There are a number of different challenges that can be made to an indictment before a case gets to trial.  Such challenges will be very fact-intensive based on the individual circumstances of each case.  Here are some examples that an indictment can be challenged for:

  • failing to provide sufficient detail to a defendant as to the basis and nature of the charges against him;
  • failing to set forth an actual violation of law;
  • failing to plead all of the elements of a crime;
  • alleging a crime outside the statute of limitations;
  • bringing a criminal case in an improper venue;
  • the prosecutor’s failure to accurately advise the grand jury on the applicable law during the grand jury phase of a case, or other prosecutorial misconduct.

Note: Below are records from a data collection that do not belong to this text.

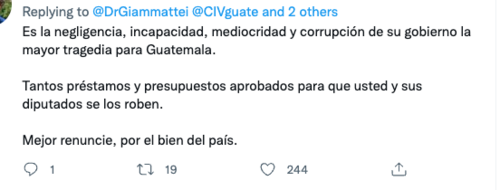 Las reacciones de los internautas no se hicieron esperar y la molestia de muchos fue expresada con diversos mensajes. Uno de los usuarios le dijo "Es la negligencia, incapacidad, mediocridad y corrupción de su gobierno la mayor tragedia para Guatemala. Tantos préstamos y presupuestos aprobados para que usted y sus diputados se los roben. Mejor renuncie, por el bien del país."
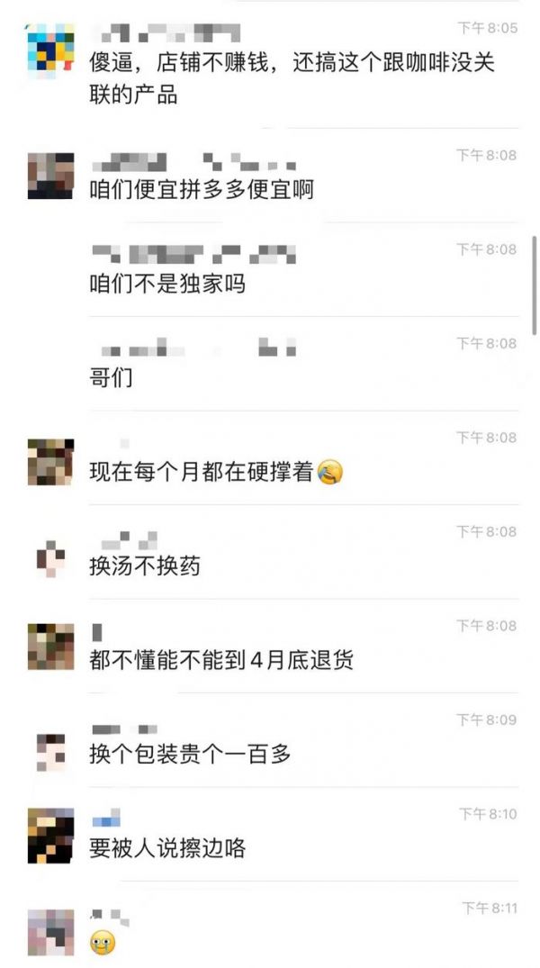 这一行为,自然也引起了不少联营商的不满,有人在社交媒体平台表示“一看订货单,我气死了”,也有联营商在内部交流群里无奈的感慨“每个月都在硬撑着”“店铺不赚钱,还搞这个跟咖啡没关联的产品”......
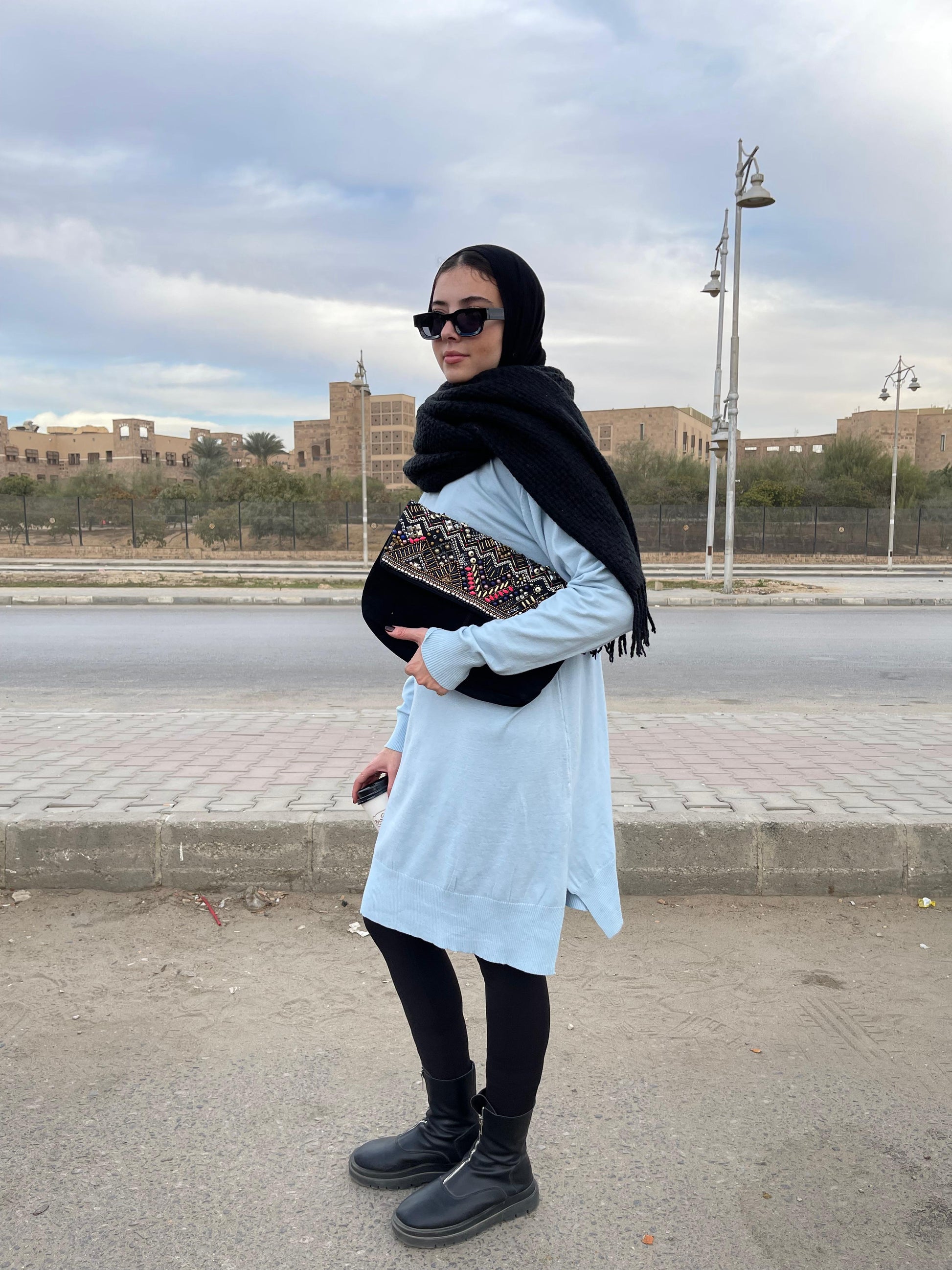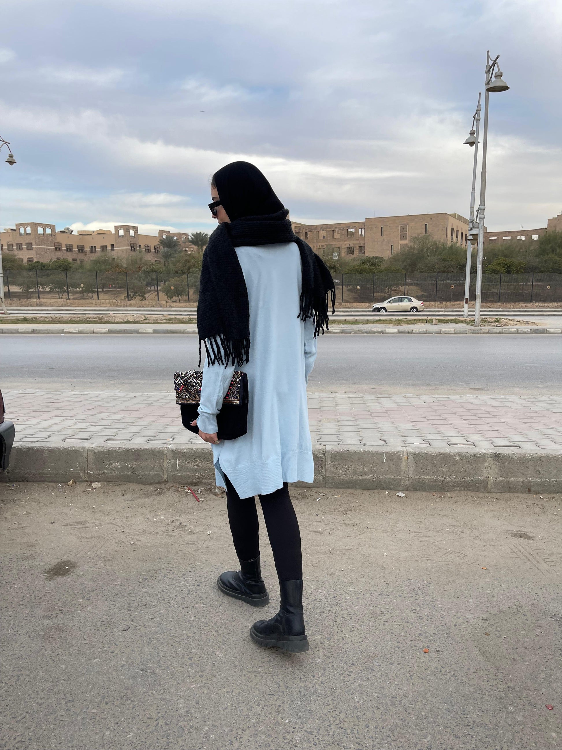 High-neck Longline Pullover in Baby Blue
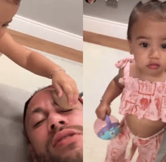 O jogador Neymar encantou seus seguidores ao compartilhar um momento carinhoso com sua filha Mavie, de um ano e quatro meses, em suas redes sociais nesta quarta-feira (26). Nas imagens, Mavie aparece brincando com uma esponja de maquiagem, enquanto o pai a incentiva a usá-la nele. Em seguida, Neymar elogia o visual da filha, que posa para as fotos.
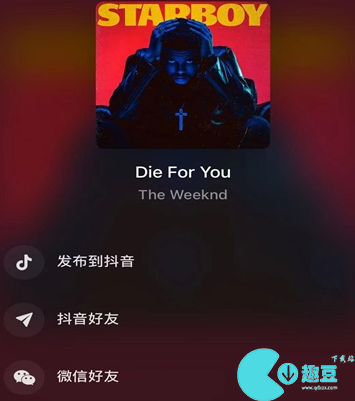 3、如果想要挂在抖音视频上面的话就是需要点击【发布到抖音】这个选项了,完成之后自己的抖音账号就会发布一条视频,左下角同样也会有相关的歌曲信息哦。
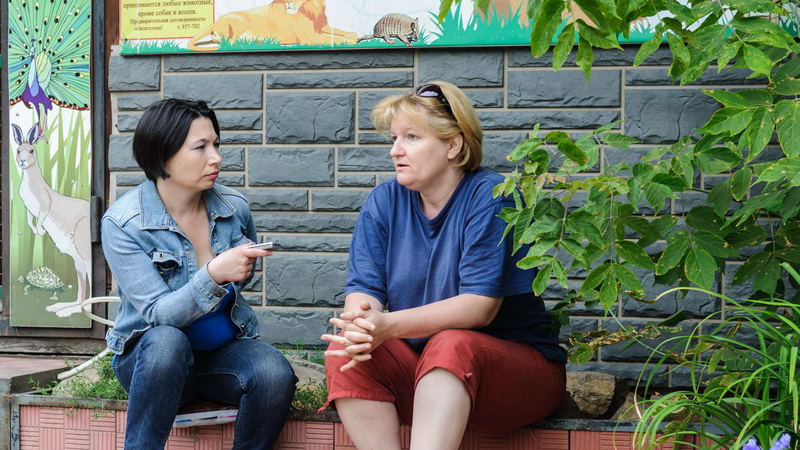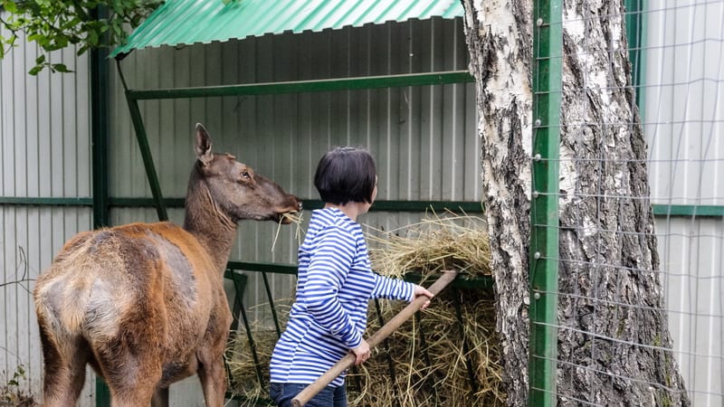 Коробочки с йогуртом, нарезанные арбузы и фрукты, нашинкованные овощи, нарезанный хлеб – всё это разносится по вольерам. Черепахи, грызуны, туканы, попугаи, сурикаты должны получать свою порцию вкусной и полезной еды. Точно так же, как и олени, косули, альпака и Циля, старая изюбриха, когда-то списанная из цирка и сейчас проживающая свою законную пенсию в иркутском зоопарке. Первое время Циля ходила исключительно по кругу – как она привыкла это делать на цирковом манеже. Животные в цирке и после работы в нём – отдельная больная тема, и, увы, не каждый зверь обретает покой и уход после тяжёлых трудовых лет. Косули, альпака Алмазик и Циля живут в одном вольере. Но и здесь кипят страсти:
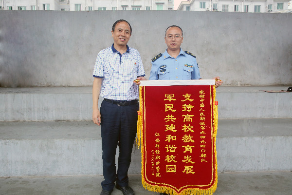閱兵式后,林火平代表學(xué)校向中國(guó)人民解放軍空軍某部贈(zèng)送了錦旗,感謝部隊(duì)對(duì)我校軍訓(xùn)工作的大力支持。校領(lǐng)導(dǎo)和部隊(duì)首長(zhǎng)還為軍訓(xùn)優(yōu)勝隊(duì)伍頒發(fā)了錦旗。
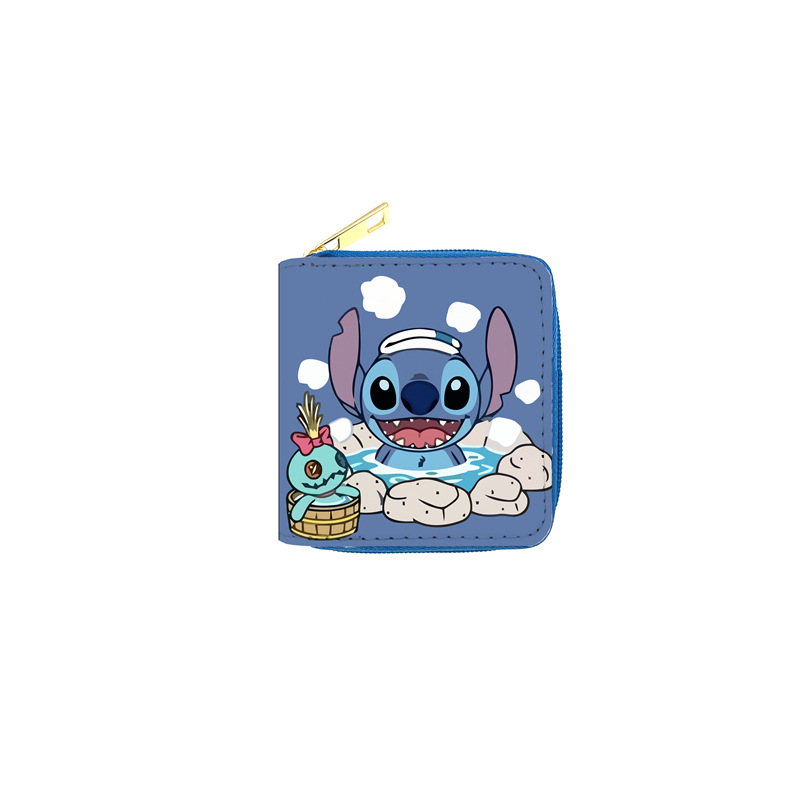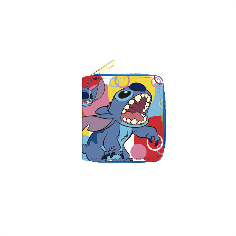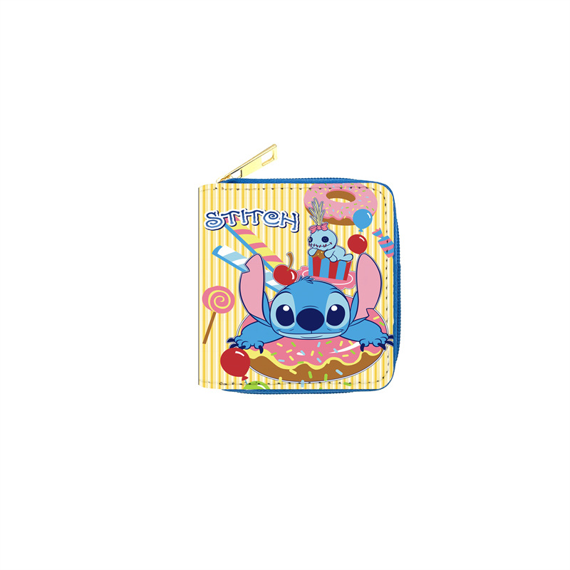 재고 만화 유럽과 미국 스타일 스티치 pu 지갑 학생 여자의 짧은 지퍼 가방 동전 지갑 ID 카드 가방
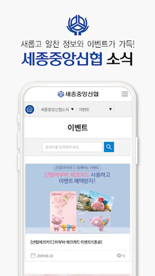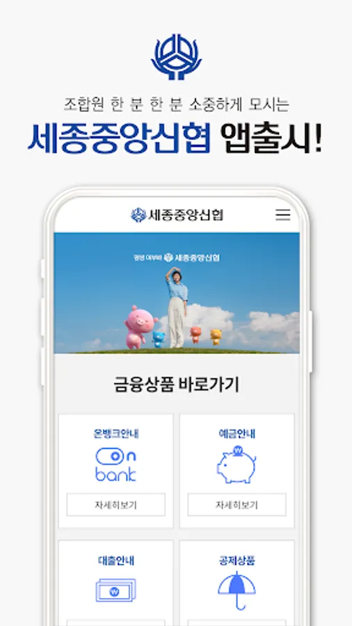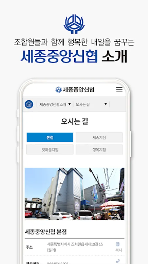 Where there is the joy of living together and sharing, the center of Sejong Central Credit Union is always people. The Sejong Central Credit Union app provides information on financial services such as deposit services, loan services, affiliate cards, deductions, and other related information such as branch locations, and allows you to conveniently receive announcements and event notifications.

While a successful challenge to an indictment is a rare occurrence, a skilled federal criminal defense attorney will often assert challenges to an indictment for other reasons as well. For example, the prosecutors may be ordered to provide more evidence, or to provide the evidence earlier than they otherwise would be required.


A federal criminal indictment is a serious matter, because it means that the criminal investigation has progressed to a point where the prosecutor now believes that he or she has enough evidence to convict. Moreover, for some clients, an indictment itself—even though it is only an accusation—can entail serious consequences such as the loss of employment, harm to reputation, and frozen assets. This is in addition to the anxiety and stress of being charged with a federal crime.

When we represent clients early on in the criminal process, such as during the investigation phase, our goal is almost always to avoid an indictment. However, where a client is indicted, it is important to respond intelligently and effectively in order to put the client in the best position of achieving a successful outcome.

If you have been indicted, you should speak to an attorney right away if you do not have one.  And if you do have an attorney, you should discuss the indictment thoroughly with him or her to understand the allegations and consider what challenges can be made.